George Washington’s Account book, 1793-1797

  • Select pages from Washington’s account book are published on HSP’s Digital Library. These accounts cover Washington's second presidential term,written by Tobias Lear and Bartholomew Dandridge, another of Washington’s secretaries during his presidency.

George Washington to Thomas Mifflin, October 2nd, 1789

  • You may recognize the name Mifflin from Fort Mifflin on the Delaware River, a Revolutionary battlefield and fort. In the letter, Washington refers to the "amendments proposed to be added to the Constitution of the United States," which were originally enclosed. These amendments would become known as the "Bill of Rights.

George Washington to Christopher Ludwick

  • Here’s a little-known fact I discovered in researching this letter: Christopher Ludwick was Baker-General for the Continental Army during the Revolutionary War. This German immigrant attempted to persuade Hessians to abandon the British army and join the Continentals. In his role as Baker-General, Congress instructed Ludwick to return one pound of bread for every one pound of flour. He was frequently invited to dine with Washington. After Yorktown, Ludwick promptly baked 6,000 loaves for Cornwallis’s men, as per Washington’s request.

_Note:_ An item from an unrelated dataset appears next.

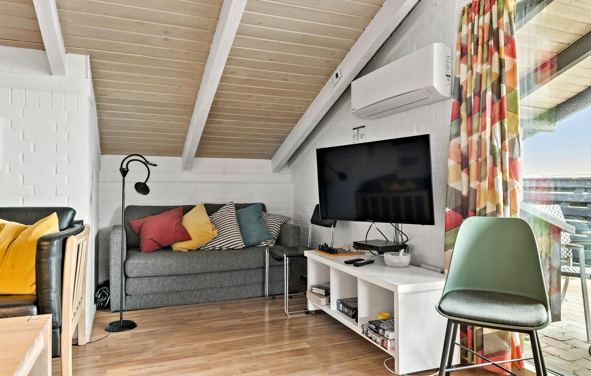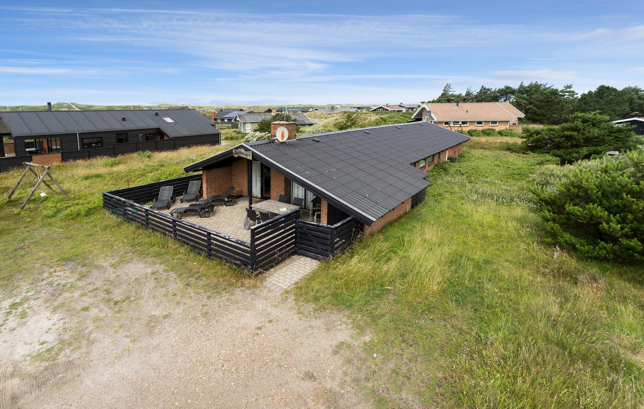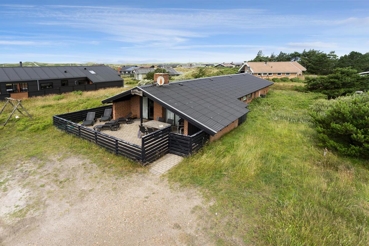 Vrolijk en energiezuinig vakantiehuis "Optimisten" met zwembad nabij het brede Noordzeestrand en Ringkøbing Fjord.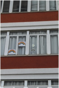 Vibrant rainbow drawings decorate apartment building windows, adding color to the urban scenery.

Like most passions, I have trouble explaining exactly where my Washington-mania comes from. It may be as simple as the Liberty’s Kids program I watched every day growing up, featuring three teenage journalists working for Benjamin Franklin. I viewed Washington at a young age as most of his contemporaries seem to have viewed him: as a dashing yet earnest figure. Washington continues to fascinate me, making his way into my college studies as a history major at Temple University. In my courses as well as through my internship at HSP, I’ve had the privilege of learning about the Washington that textbooks minimize, or forget to include altogether: Washington as a man, in all his complexities and contradictions. Through his letters, I’ve been privy to Washington's thoughts and feelings, his anxieties and his principles. HSP puts a world of Washington at the fingertips of researchers and students like me, with this brief survey serving as a helpful port of call as you explore one of the most important figures behind the founding of our country.